Örneğin, Bağımlı Kişilik Bozukluğu olan bir birey, arkadaşlarıyla sürekli olarak birlikte olma ihtiyacı duyabilir ve yalnız kaldığında anksiyete hissedebilir. Bu nedenle, sürekli olarak başkalarının etrafında olmak için büyük çaba sarf eder ve yalnız kalma korkusuyla başa çıkmaya çalışır.
Genel olarak, Bağımlı Kişilik Bozukluğu olan insanlar karamsar bir bakış açısına sahiptirler ve olumsuz senaryoları beklerler. Olumsuz sonuçların gerçekleşeceğine inanırlar ve genellikle en kötüsünü beklerler.
Örneğin, bir iş görüşmesine giren bir Bağımlı Kişilik Bozukluğu olan birey, kendine güven eksikliği nedeniyle başarısız olacağına ve reddedileceğine inanabilir. Bu negatif inançlar, iş görüşmesine girmekten kaçınma veya kendini düşük performansa sokma gibi pasif davranışlara yol açabilir.
Bağımlı Kişilik Bozukluğu olan bireyler genellikle içe dönük bir yapıya sahiptirler ve eleştiriye veya reddedilmeye karşı daha hassastırlar. Bu nedenle, başkalarının beğenisini kazanma ve reddedilmeme garantisi altında olma çabası içinde olabilirler.
Örneğin, bir Bağımlı Kişilik Bozukluğu olan bir birey, eleştirildiğinde kendini savunmaya çalışmak yerine, eleştiriyi kabul etme eğilimindedir ve eleştiriye aşırı tepki verebilir. Aynı şekilde, bir ilişkide reddedilmekten korktuğu için sürekli olarak başkalarının ihtiyaçlarını öncelikli tutabilir ve kendi ihtiyaçlarını ihmal edebilir.

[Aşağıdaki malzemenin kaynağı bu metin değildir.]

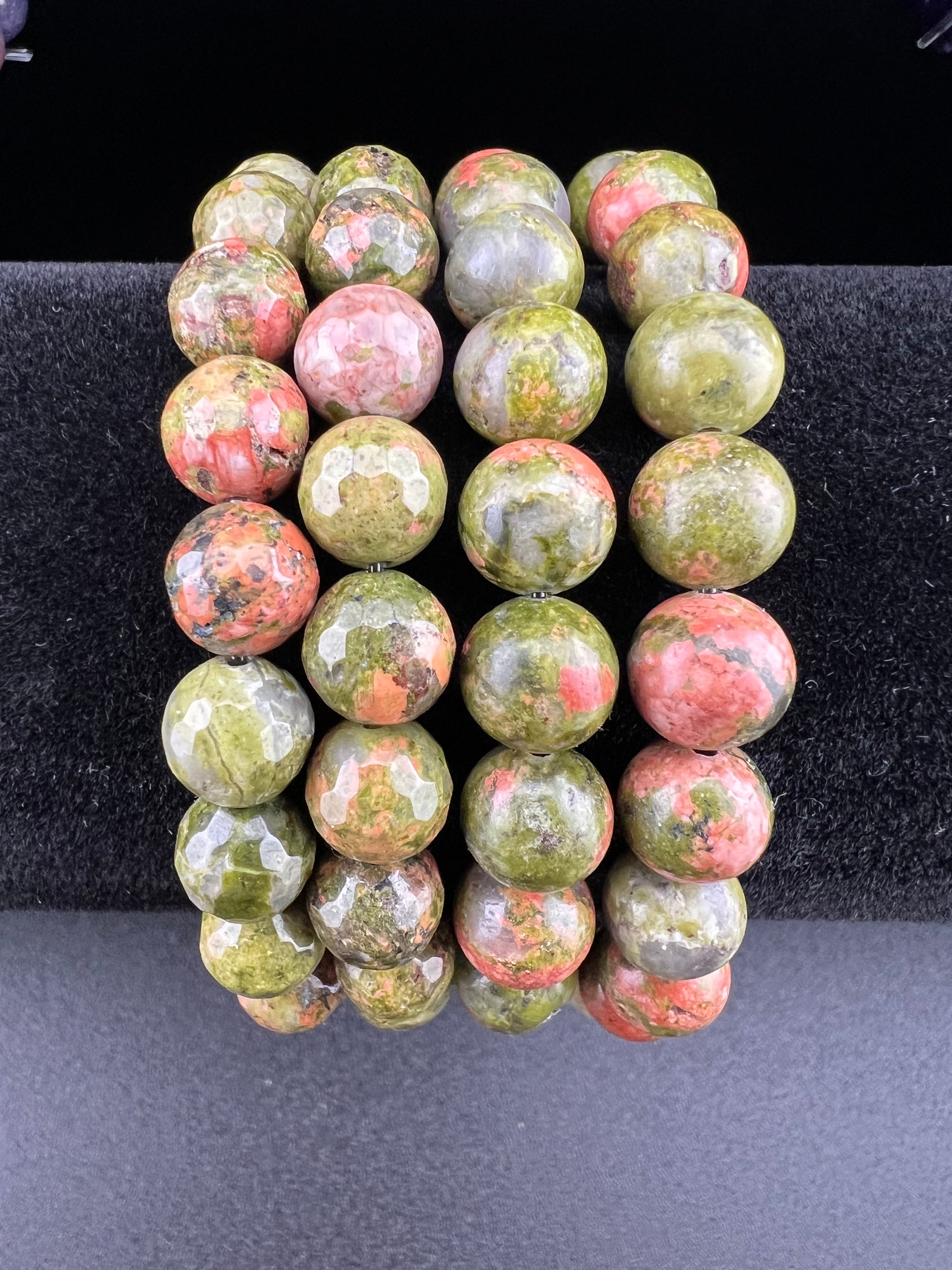 This unique Unakite 8mm Bracelet is crafted from the natural stones found in North Carolina, USA. The earthy tones and smooth texture add a touch of creativity to your style. Each bracelet is one-of-a-kind, making it a truly special accessory.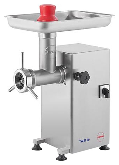 Мясорубка Feuma TW-R 70 предназначена для измельчения мяса и рыбы на фарш, повторного измельчения котлетной массы и набивки колбас на предприятиях общественного питания и торговли. Модель оснащена электромеханической системой управления и обратным реверсом. Корпус, решетки и ножи выполнены из нержавеющей стали.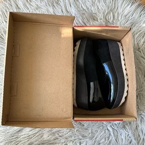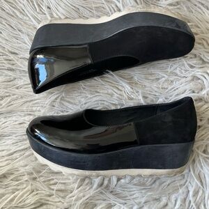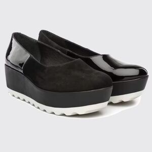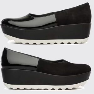 Camper Twins Black Suede Patent Leather Patch Platform Wedge Shoes EUC Size 37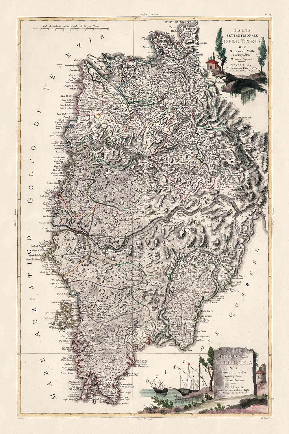 Titled Istria, this 1784 engraving stands as a luminous chapter in Antonio Zatta’s Atlante novissimo, the Venetian publishing triumph that married rigorous geography with painterly elegance. Drafted by Giovanni Valle Giustinoplitano and issued from Zatta’s celebrated press, the sheet centers the storied peninsula that today spans Croatia and Slovenia, placing it with precision along the Adriatic rim. The composition balances science and spectacle: lucid coastal outlines and carefully notated interiors are framed by decorative borders and an ornate cartouche that hints at the region’s classical and maritime inheritance. At a glance, one perceives both a navigable landscape and a readable history—an 18th-century vision of Istria as crossroads, frontier, and nautical stage, refined through the atelier’s meticulous hand-coloring and the cool logic of Enlightenment cartography.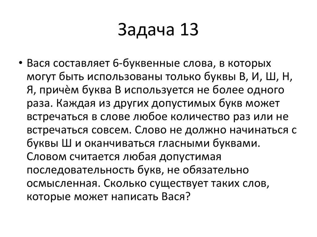 Задача 13• Вася составляет 6-буквенные слова, в которых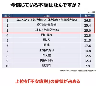 これはコロナ禍で生じる、「何となくだるい」といった身体的疲労感と 「やる気が出ない」「不安だ」という精神的疲労感が結びついたものです。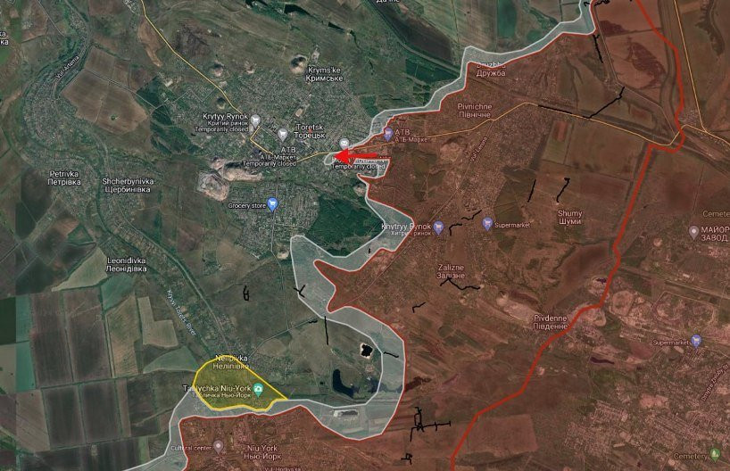 Украинск пока ещё полностью не освобожден. Остатки ВСУ удерживают позиции на терриконе шахты "Украина". Наши бойцы взяли населённый пункт в мешок, однако о полном окружении пока что говорить рано.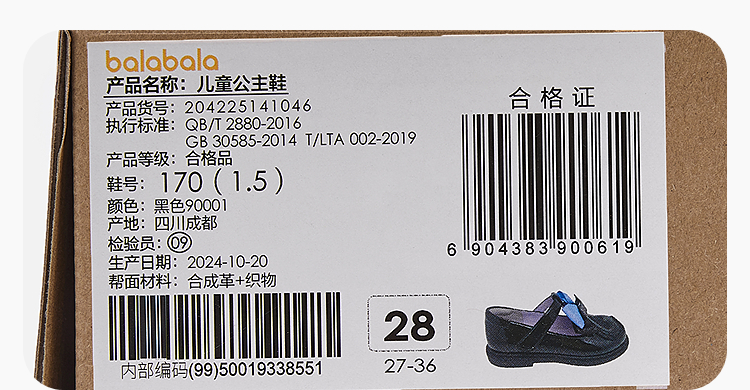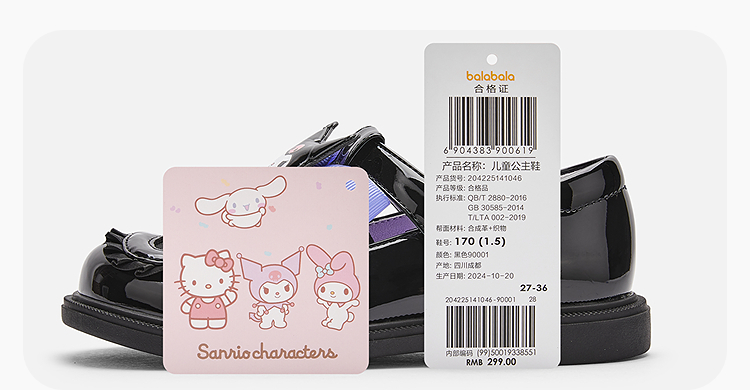 【库洛米IP】巴拉巴拉女童公主鞋2025夏季新款黑色小皮鞋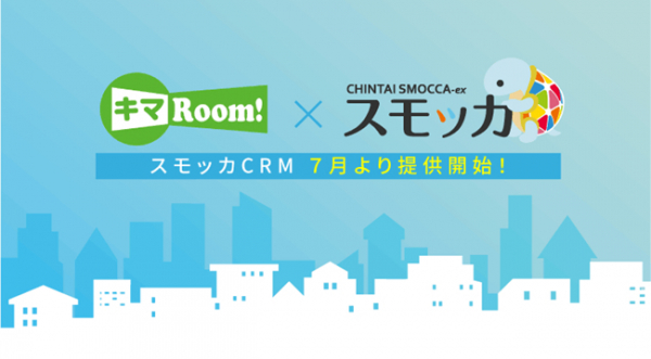 不動産会社向けのIT支援ツール「キマRoom!」シリーズを提供する株式会社セイルボート(本社:広島県広島市 東京本部:東京都新宿区、代表取締役:西野 量、以下セイルボート)は賃貸情報サービス「賃貸スモッカ」(以下スモッカ)を提供する株式会社じげん(本社:東京都港区、代表取締役 社長執行役員CEO:平尾丈、東証一部:3679、以下じげん)と提携し、顧客管理・追客支援ツール「スモッカCRM」を開発、7月より提供を開始することをお知らせいたします。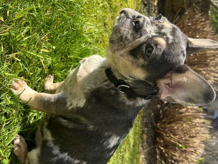 Pablo est un Bouledogue Français non inscrit au LOF, car il est de couleur exotique.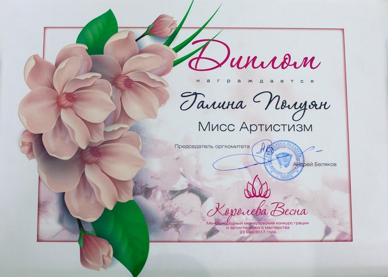 23 мая в Концертном зале «Prime Hall» (г. Минск) состоялся национальный финал XXVI Международного межвузовского конкурса грации и артистического мастерства «Королева Весна – 2017». За право стать лучшей боролись 15 участниц. Конкурсная программа включала себя ряд испытаний, где девушкам предстояло продемонстрировать свою сценическую культуру, умение общаться с аудиторией, коммуникабельность, знание этикета, чувство юмора, грацию, артистическое мастерство и внешние данные.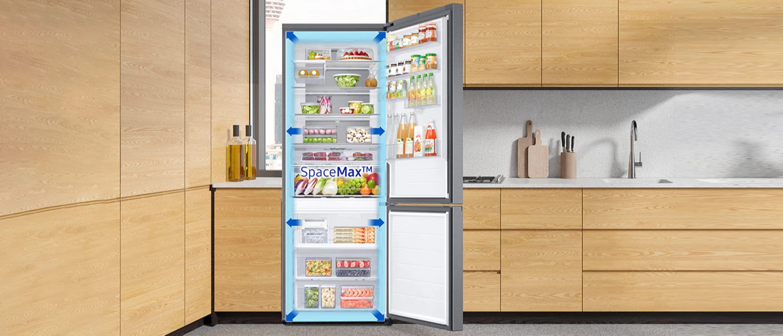 Зберігайте більше продуктів у великому холодильнику об’ємом 538 літрів* із глибиною 711 мм. Унікальна технологія SpaceMax використовує спеціальну високоуретанову ізоляцію, яка дозволяє зробити стінки набагато тоншими не погіршуючи при цьому енергоефективність. Таким чином, всередині стає більше простору.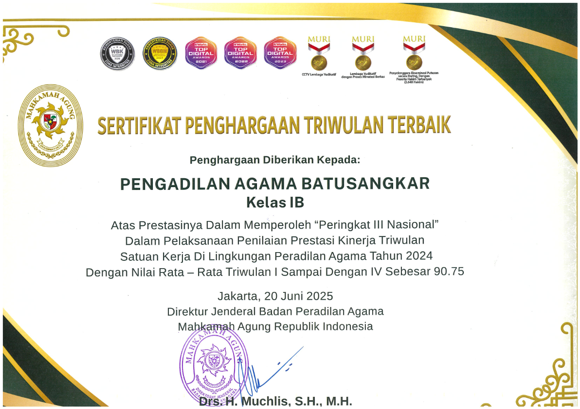Selamat Datang di Website Resmi Pengadilan Agama Batusangkar Kelas 1B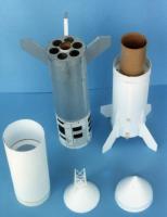 The Regional Model seen here was built with a 29mm engine mount. The NARAM model was built with a 24mm mount, to fly on E15 power. A baffle system was used inside of a BT-80 tube, to store the parachutes. Over time I regretted not having something larger than BT-80 inside, such as a 3" or 3.25" tube to allow for more room to store the chutes and shock cord.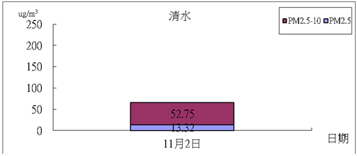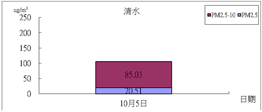 (1) 由3時模擬之煙線圖顯示,煙流濃度值約在5 µg/m3以下;由觀測之等濃度分佈圖可看出中部地區PM2.5的濃度在中部地區約在10~30 µg/m3左右。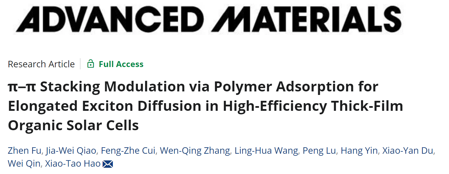 有机太阳能电池(OSC)大规模商业化生产的一个主要障碍是活性层厚度的限制,大厚度OSC仍面临诸多挑战,包括有机材料较短的激子扩散长度、空间电荷积累和严重的载流子复合等因素,严重限制了器件性能的提升。郝晓涛教授团队提出聚合物吸附策略,在逐层沉积异质结中引入绝缘物聚苯乙烯形成范德华力物理吸附,增强了分子间相互作用和电子波函数交叠程度,抑制缺陷态密度,改善激子扩散,制备了高效大厚度有机太阳能电池器件。结合超快光谱学分析,揭示了激子动力学与分子相互作用的关联机制,为大厚度有机光伏物理机制研究提供了新的视角,为有机光伏器件的商业化应用提供了新策略。相关工作以“π-π Stacking Modulation via Polymer Adsorption for Elongated Exciton Diffusion in High-Efficiency Thick-Film Organic Solar Cells”为题发表在《Advanced Materials》上。论文第一作者为全球最大顶级体育平台博士研究生付振,通讯作者为郝晓涛教授,全球最大顶级体育平台为第一作者单位和唯一通讯作者单位。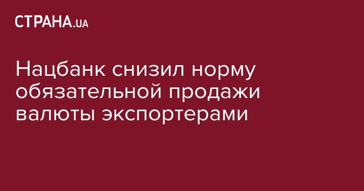С 1 марта Национальный банк Украины снизил норму обязательной продажи валютной выручки экспортерами с 50% до 30%. Об этом идет речь в постановлении Нацбанка от 6 февраля 2019 года № 35, опубликованном на сайте Верховной Рады.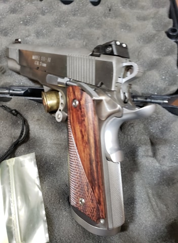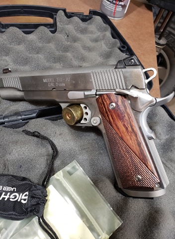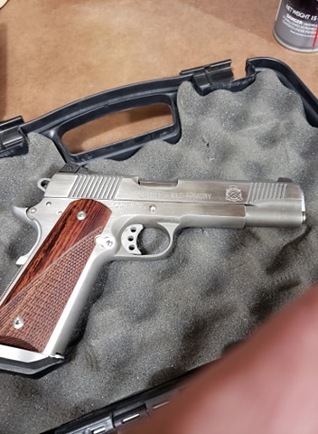 I really think this is one of the first 1911's in 9mm Springfield made, and not sure of the model. I cannot find the box to verify. Mods have been made, Ken sights tritium night sights, magwell, oversize mag release, oversize safety, full length guide rod. Low rd count, but not in pristine shape, great range gun, comes with 4 mags with base pads, Kim Ahrands Dessertwood grips, I think, lol.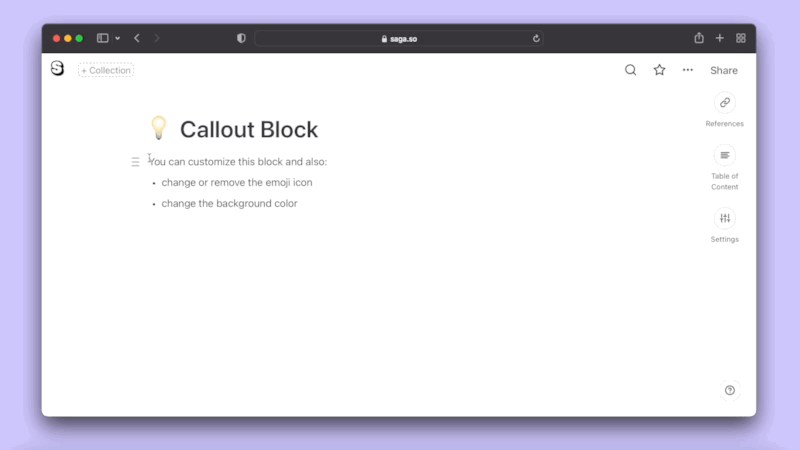 Les encadrés dans Saga sont flexibles et vous pouvez ajouter toutes sortes de contenu à l’intérieur, y compris du texte, des listes, des images, des titres, des tâches, des tableaux et des blocs dynamiques.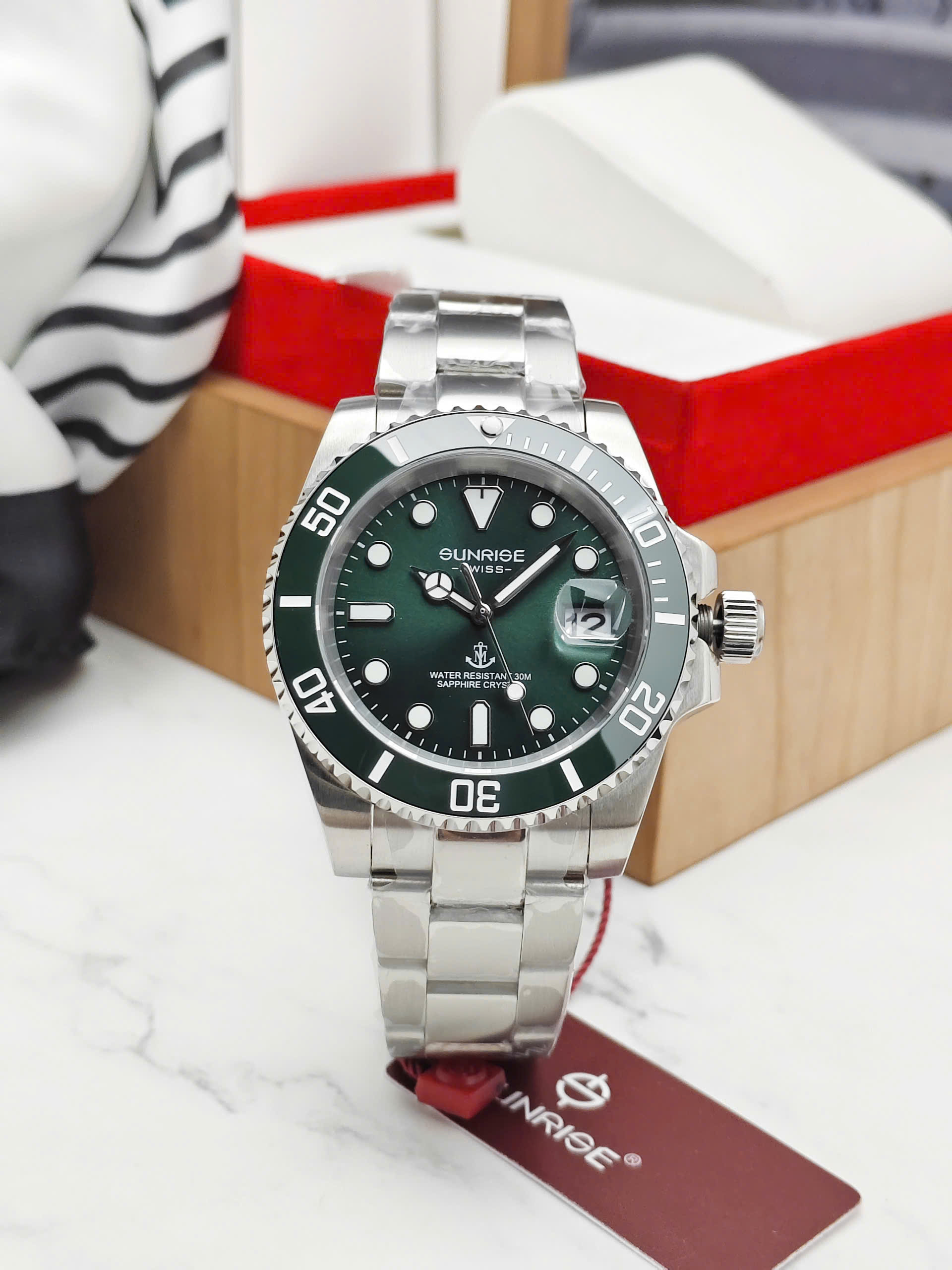 Đồng hồ nam Sunrise 1343SA-Green thuộc dòng 1343SA của thương hiệu Sunrise Thụy Sĩ, gây ấn tượng mạnh với thiết kế hiện đại và màu sắc cá tính. Mặt số xanh lá (Green) độc đáo mang đến cảm giác trẻ trung, khác biệt nhưng vẫn giữ được vẻ lịch lãm cần có cho nam giới. Đường kính mặt số 41mm tạo sự cân đối trên cổ tay, phù hợp cho cả môi trường công sở lẫn những buổi gặp gỡ thường ngày.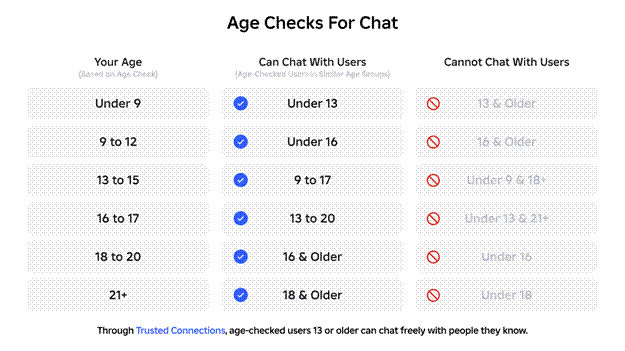 Once users complete an age check, they are assigned to one of six age groups: under 9, 9–12, 13–15, 16–17, 18–20, and 21+. By default, users in each age group can chat with users in the groups directly above and below theirs (i.e., users 9-12 can chat with users in their own group, as well as those in the under 9 and 13-15 groups.)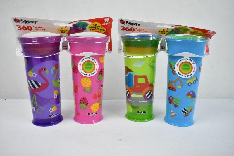 Sassy No Spill Spoutless Sippy Cup - Two 2-Packs: Purple, Pink, Green, Blue, 12 oz Each - New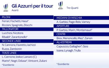 Sono 39 i giocatori chiamati che poi diventeranno 33 prima del raduno in programma dal 19 al 22 luglio. Confermato il nucleo che ha preso parte all'ultimo 6 Nazioni con alcune novità. Tra gli avanti spicca il nome del tallonatore Zarantonello, francese ma con origini italiane. Chiamati anche gli esordienti Hasa, Ribaldi, Marini e Odiase.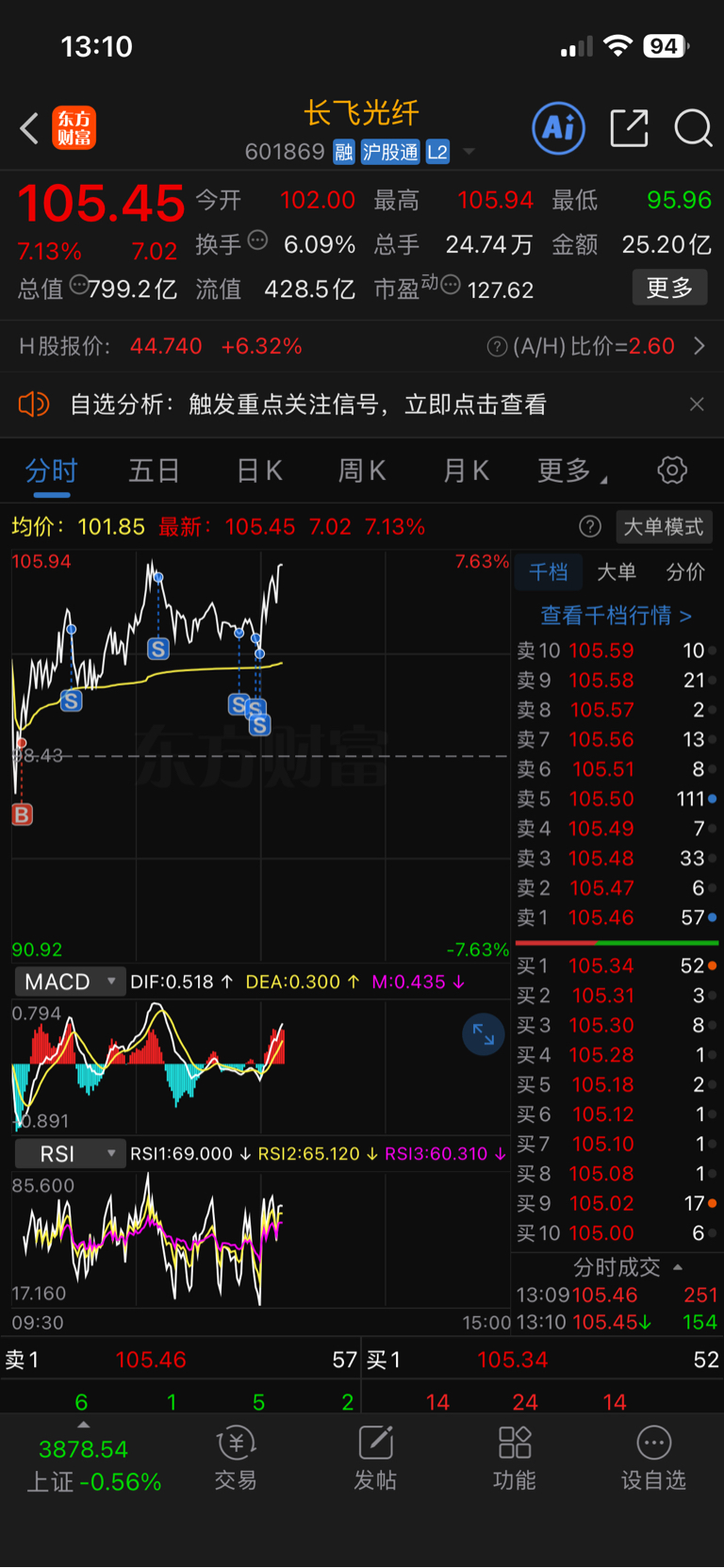 $长飞光纤(SH601869)$ #炒股日记# 曹 卖飞一万股

Genel Olarak Bağımlı Kişilik Bozukluğu
Bağımlı Kişilik Bozukluğu olan bireyler, başkalarıyla aynı fikirde olmadıklarını ifade etmekte zorlanırlar çünkü destek veya onay kaybetmekten korkarlar. Bu nedenle, doğru bildikleri bir şeyi bile kabul etmek konusunda tereddüt edebilirler.
Örneğin, bir toplantıda Bağımlı Kişilik Bozukluğu olan bir kişi, diğerlerinden farklı bir görüşe sahip olsa bile sessiz kalabilir ve kendini ifade etmekten kaçınabilir. Çünkü başkalarının desteğini kaybetme riskiyle karşı karşıya kalmaktan endişe duyar.
Bağımlı Kişilik Bozukluğu olan bireyler, bakım ve destek almak için büyük çaba sarf ederler. Bu bağlamda, hoş olmayan görevleri üstlenebilir, mantıksız talepleri yerine getirebilir ve hatta fiziksel, cinsel veya duygusal istismarı kabullenme eğiliminde olabilirler.
Örneğin, Bağımlı Kişilik Bozukluğu olan biri, bir ilişkide partnerinden sürekli olarak aşırı bağımlılık taleplerinde bulunabilir ve kendi sınırlarını ihmal edebilir. Ayrıca, yalnız kalmaktan rahatsızlık duydukları için, kendilerini yalnız hissetmekten kaçınmak için uygunsuz ilişkilerde kalmaya devam edebilirler.
Bağımlı Kişilik Bozukluğu olan bireyler, kendilerine olan güvenlerini zayıflatan bir eğilime sahiptirler ve kendi yeteneklerini küçümseme eğilimindedirler. Herhangi bir eleştiriyi veya onaylanmamayı, kişisel eksikliklerinin bir kanıtı olarak algılayarak özgüvenlerini daha da sarsabilirler.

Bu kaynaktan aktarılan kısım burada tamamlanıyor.